I'm new working with spark. I would like to multiply a large number of columns of a spark dataframe by values in a vector. So far with mtcars I used a for loop and mutate_at as follows:
library(dplyr)
library(rlang)
library(sparklyr)
sc1 <- spark_connect(master = "local")
mtcars_sp = sdf_copy_to(sc1, mtcars, overwrite = TRUE)
mtcars_cols = colnames(mtcars_sp)
mtc_factors = 0:10 / 10
# mutate 1 col at a time
for (i in 1:length(mtcars_cols)) {
# set equation and print - use sym() convert a string
mtcars_eq = quo( UQ(sym(mtcars_cols[i])) * mtc_factors[i])
# mutate formula - LHS resolves to a string, RHS a quosure
mtcars_sp = mtcars_sp %>%
mutate(!!mtcars_cols[i] := !!mtcars_eq )
}
dbplyr::sql_render(mtcars_sp)
mtcars_sp
This works ok with mtcars.
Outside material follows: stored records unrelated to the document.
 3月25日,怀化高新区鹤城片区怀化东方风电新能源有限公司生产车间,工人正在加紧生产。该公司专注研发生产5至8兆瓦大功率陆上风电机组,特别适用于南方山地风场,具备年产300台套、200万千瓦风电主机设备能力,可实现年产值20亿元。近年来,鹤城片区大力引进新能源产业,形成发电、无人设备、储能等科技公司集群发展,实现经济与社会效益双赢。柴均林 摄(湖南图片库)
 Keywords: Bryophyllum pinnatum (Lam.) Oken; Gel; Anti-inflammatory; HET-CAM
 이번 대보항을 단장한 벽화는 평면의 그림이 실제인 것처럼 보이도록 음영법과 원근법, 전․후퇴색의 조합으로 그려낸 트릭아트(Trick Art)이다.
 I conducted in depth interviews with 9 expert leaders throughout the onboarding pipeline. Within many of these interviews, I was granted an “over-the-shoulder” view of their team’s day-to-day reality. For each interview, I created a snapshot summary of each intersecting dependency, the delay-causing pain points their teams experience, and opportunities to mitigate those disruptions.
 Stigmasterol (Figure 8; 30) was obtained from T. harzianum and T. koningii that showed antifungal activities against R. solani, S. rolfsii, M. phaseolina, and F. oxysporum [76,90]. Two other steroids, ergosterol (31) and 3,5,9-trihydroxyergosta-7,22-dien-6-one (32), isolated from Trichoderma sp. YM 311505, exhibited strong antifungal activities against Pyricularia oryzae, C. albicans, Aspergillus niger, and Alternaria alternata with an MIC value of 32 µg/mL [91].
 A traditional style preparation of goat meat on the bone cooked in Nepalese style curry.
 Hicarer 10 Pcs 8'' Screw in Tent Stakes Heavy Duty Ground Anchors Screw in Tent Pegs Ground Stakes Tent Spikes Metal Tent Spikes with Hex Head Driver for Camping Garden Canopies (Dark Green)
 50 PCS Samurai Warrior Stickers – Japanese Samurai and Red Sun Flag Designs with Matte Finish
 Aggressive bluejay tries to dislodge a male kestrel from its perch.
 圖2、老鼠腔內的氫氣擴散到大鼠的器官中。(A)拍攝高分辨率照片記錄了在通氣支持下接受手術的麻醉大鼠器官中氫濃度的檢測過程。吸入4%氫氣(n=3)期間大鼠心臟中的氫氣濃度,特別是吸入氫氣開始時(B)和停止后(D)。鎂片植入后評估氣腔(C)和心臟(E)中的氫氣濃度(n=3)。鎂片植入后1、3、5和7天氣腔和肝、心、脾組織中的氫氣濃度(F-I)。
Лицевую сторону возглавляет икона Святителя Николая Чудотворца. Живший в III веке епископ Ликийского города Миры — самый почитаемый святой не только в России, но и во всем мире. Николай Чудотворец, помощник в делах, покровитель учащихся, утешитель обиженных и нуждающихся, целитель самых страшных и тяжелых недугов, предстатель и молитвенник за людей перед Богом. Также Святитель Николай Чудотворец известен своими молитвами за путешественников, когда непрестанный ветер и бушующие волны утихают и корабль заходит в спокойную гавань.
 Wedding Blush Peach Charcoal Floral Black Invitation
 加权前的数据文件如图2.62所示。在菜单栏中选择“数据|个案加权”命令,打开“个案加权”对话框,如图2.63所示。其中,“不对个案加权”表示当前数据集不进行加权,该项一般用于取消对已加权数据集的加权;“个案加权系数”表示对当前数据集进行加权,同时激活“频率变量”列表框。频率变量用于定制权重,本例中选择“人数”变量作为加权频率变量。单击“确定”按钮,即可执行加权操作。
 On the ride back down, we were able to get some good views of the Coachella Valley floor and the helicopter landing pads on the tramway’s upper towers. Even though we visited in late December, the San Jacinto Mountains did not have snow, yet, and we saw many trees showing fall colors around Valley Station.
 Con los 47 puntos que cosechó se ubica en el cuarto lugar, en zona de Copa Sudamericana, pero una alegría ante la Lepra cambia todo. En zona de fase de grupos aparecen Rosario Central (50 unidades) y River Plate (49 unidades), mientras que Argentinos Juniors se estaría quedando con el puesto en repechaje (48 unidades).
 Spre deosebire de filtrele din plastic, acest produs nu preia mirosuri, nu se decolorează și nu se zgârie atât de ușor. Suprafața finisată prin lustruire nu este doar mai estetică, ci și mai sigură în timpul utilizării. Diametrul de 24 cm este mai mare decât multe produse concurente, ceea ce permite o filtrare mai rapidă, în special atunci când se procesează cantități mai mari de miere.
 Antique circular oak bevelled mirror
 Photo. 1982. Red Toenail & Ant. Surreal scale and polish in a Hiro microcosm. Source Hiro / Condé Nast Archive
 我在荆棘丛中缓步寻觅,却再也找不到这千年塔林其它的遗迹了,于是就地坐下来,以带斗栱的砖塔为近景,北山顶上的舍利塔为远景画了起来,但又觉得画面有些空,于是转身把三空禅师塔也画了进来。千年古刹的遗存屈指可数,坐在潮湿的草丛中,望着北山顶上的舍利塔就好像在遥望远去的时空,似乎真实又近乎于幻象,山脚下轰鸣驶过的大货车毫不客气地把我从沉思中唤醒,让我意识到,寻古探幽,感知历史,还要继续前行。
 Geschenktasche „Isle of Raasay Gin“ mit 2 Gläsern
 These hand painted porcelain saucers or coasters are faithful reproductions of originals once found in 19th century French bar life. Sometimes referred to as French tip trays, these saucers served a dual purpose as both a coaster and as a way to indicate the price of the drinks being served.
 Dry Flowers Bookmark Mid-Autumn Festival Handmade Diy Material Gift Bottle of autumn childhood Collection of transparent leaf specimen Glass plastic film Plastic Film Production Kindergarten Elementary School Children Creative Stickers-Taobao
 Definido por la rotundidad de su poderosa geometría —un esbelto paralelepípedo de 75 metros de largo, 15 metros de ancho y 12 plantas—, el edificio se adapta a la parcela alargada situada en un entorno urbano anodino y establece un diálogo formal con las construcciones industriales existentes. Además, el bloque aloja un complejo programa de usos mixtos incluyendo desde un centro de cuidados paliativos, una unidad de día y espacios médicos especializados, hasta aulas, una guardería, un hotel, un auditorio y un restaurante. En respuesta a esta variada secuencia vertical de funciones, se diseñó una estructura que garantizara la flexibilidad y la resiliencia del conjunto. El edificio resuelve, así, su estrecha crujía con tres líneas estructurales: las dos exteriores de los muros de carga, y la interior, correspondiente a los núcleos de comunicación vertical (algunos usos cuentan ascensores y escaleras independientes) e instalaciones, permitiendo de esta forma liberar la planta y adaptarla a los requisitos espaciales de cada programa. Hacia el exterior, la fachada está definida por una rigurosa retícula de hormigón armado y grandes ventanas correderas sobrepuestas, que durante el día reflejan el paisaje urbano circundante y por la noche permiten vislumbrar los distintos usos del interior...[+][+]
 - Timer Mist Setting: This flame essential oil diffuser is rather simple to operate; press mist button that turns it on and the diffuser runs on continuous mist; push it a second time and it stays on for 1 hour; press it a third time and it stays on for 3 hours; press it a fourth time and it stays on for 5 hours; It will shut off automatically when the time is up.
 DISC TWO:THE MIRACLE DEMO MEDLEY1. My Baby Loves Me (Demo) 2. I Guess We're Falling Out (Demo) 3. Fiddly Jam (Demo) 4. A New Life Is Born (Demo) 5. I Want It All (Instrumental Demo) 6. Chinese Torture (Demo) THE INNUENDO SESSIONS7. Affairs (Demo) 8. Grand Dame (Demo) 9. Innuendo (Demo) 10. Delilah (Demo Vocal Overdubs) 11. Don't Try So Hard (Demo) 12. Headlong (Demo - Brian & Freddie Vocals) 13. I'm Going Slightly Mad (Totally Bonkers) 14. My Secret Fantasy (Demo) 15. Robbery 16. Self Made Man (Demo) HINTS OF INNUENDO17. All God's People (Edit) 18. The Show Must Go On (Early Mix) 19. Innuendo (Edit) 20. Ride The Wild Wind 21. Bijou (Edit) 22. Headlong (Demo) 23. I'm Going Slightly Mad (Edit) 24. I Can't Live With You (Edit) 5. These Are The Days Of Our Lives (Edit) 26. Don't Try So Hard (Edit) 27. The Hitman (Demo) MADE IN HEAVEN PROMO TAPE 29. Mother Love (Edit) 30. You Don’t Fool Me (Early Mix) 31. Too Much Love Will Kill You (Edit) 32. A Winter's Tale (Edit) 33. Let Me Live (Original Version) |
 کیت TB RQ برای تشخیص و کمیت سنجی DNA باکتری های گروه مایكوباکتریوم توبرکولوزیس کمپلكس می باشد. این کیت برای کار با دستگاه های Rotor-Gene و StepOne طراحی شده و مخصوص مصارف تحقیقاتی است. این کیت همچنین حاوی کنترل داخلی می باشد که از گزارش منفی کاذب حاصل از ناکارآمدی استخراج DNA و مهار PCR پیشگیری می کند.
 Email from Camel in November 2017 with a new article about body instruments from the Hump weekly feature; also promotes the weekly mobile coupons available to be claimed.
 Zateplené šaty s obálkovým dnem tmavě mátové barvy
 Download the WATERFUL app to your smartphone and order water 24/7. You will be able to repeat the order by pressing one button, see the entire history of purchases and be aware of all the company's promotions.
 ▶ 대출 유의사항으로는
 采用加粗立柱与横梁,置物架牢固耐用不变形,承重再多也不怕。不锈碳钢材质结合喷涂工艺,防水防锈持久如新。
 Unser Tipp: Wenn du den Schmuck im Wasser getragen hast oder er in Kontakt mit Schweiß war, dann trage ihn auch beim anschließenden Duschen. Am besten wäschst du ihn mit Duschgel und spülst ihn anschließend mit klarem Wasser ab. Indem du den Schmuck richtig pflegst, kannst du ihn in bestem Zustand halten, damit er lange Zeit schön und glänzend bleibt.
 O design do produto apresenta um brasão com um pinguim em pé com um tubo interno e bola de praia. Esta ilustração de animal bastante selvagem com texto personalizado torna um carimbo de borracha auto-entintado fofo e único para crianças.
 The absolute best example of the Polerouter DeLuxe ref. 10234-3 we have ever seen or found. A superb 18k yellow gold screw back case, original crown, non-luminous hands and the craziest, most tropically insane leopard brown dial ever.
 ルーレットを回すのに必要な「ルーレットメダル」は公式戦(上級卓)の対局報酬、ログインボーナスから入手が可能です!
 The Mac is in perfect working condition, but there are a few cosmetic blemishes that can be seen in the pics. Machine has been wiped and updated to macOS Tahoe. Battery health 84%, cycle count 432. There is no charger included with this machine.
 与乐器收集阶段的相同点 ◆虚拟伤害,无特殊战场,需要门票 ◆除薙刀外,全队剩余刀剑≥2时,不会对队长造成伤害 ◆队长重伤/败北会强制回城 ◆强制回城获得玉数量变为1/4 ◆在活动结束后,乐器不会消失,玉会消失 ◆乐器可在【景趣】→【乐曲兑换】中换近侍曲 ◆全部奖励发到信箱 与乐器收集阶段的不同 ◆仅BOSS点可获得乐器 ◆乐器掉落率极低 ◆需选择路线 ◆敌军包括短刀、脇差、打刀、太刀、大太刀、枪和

However, it results in nested SQL queries being sent to spark, as shown by the sql_render, and breaks down with many columns. Can dplyr be used to instead send a single SQL query in this case?
BTW, I'd rather not transpose the data as it would be too expensive. Any help would be much appreciated!